There’s also the lingering threat of full-on repeal, despite its seeming defeat over the summer. Republican Sens. Lindsey Graham and Bill Cassidy are pushing their last-ditch Obamacare repeal plan, and insisting it has a chance, despite a tight timeline. Republicans have just two weeks before budget reconciliation — the special process that allows them to pass a bill through the Senate with 50 votes instead of 60 — expires.

Graham said Thursday that if the vote were held now “47 or 48” senators would support it, putting it just shy of passage. On Friday, Cassidy upped that to 48 or 49 votes. But the bill would still need to go through several procedural hurdles and pass the House, all in two weeks, to become law.

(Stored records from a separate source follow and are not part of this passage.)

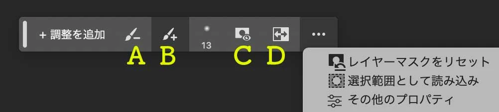 この新しい調整(補正)ブラシは画像をブラシでなぞって特定の部分だけを簡単に調整できる機能です。このブラシで行う調整はすべて非破壊編集なので元画像を変更することなく調整できます。使用すると自動的に新しいマスクレイヤーを画像の上に作るのでそれを非表示すれば元画像を見ることができます。調整(現在は下図のように「明るさ・コントラスト」をはじめとする6種類)はそれぞれデフォルト値で適用されますが、適用後にプロパティパネルで値をコントロールできます。
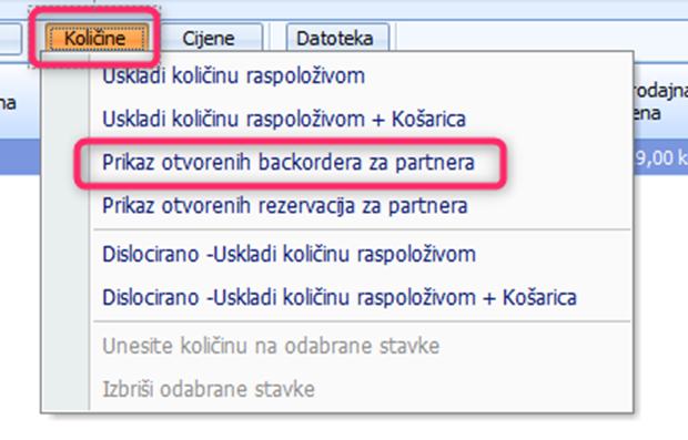 Pri samoj izradi dokumenta moguće je prikazati izvješće otvorenih rezervacija za partnera.
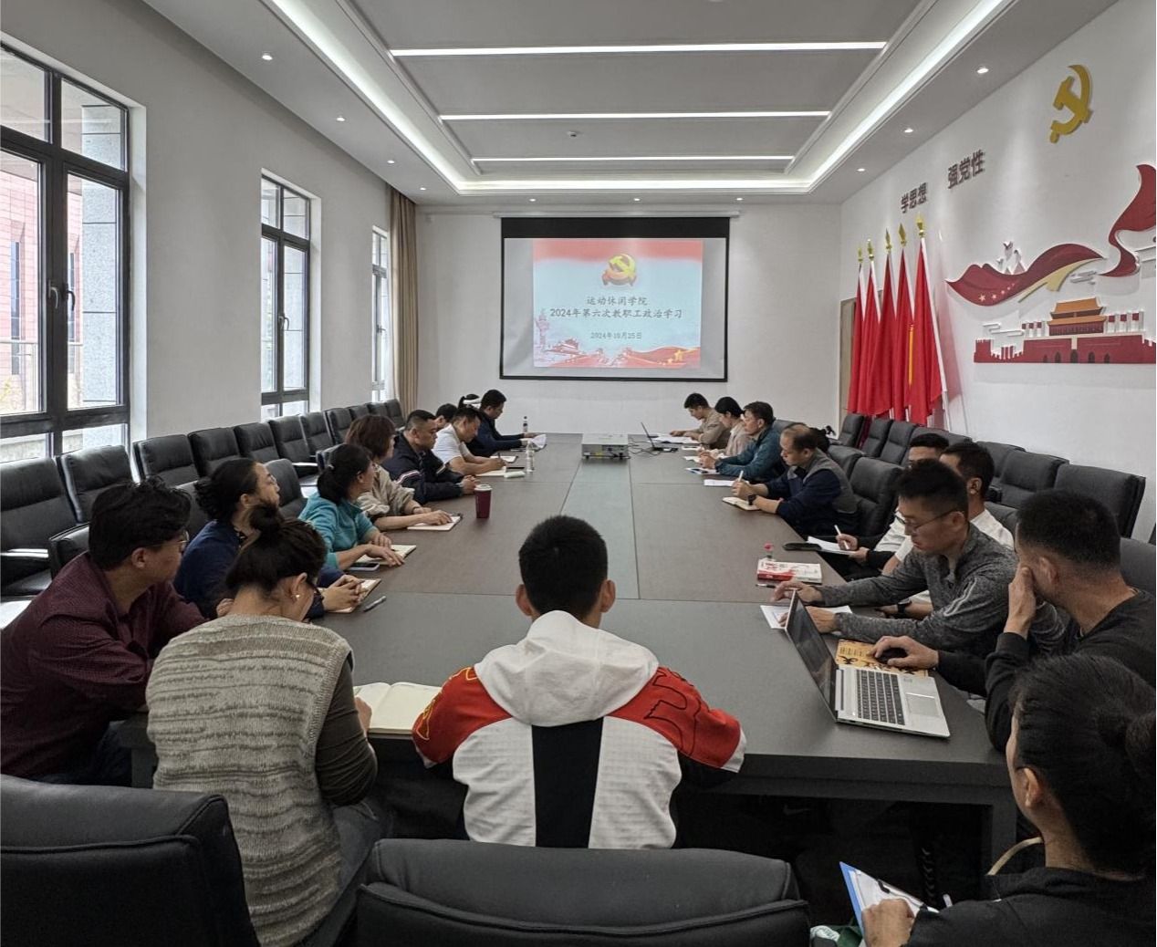 为积极响应并高效完成本科教育教学审核评估工作,澳门十大网投平台排行于2024年10月25日在运动休闲馆三楼会议室开展了本年度第六次教职工政治学习,学校党委常委副校长付东、学院全体教师参会。会议由学院党委副书记樊莉主持。

Some on the left are ringing alarm bells that the bill could be closer to passing than people realize. Senate Majority Leader Mitch McConnell has asked the Congressional Budget Office for a quick score of the bill, and only one Republican senator, Rand Paul of Kentucky, has flat-out said he would not vote for it.

Democrats didn’t seem too concerned about the Cassidy-Graham bill on Thursday. Instead they listed fixing the markets and White House undermining as their main concerns. Sens. Tim Kaine and Dianne Feinstein both said Thursday they didn’t think Republicans realistically had enough time to pass the bill.

But many Democrats are not letting this get in the way of their vocal support of single payer health care. Several big names who are rumored to be among the contenders for the 2020 presidential candidacy were among the 16 senators who endorsed Sanders’ bill on Wednesday. It’s likely to be an increasing part of the party’s identity over the coming years.

“We need to be able to multi-task,” said California Sen. Kamala Harris. “There’s no question we have to continue to defend the Affordable Care Act, but also clearly I’m supporting Medicare for all, I think it’s the right thing to do.”

Rhode Island Sen. Sheldon Whitehouse said one key task for Democrats over the next three years is keeping public attention on Donald Trump if he continues to “sabotage” the Affordable Care Act. But he said that the party is able to do both, and keeping that pressure on does not mean Democrats can’t also start talking about the future.

“Making that point about their sabotage, I don’t think should distract us from also looking at ways we can continue to make the health care system better,” said Whitehouse. “The health care system does not begin and end with Obamacare.”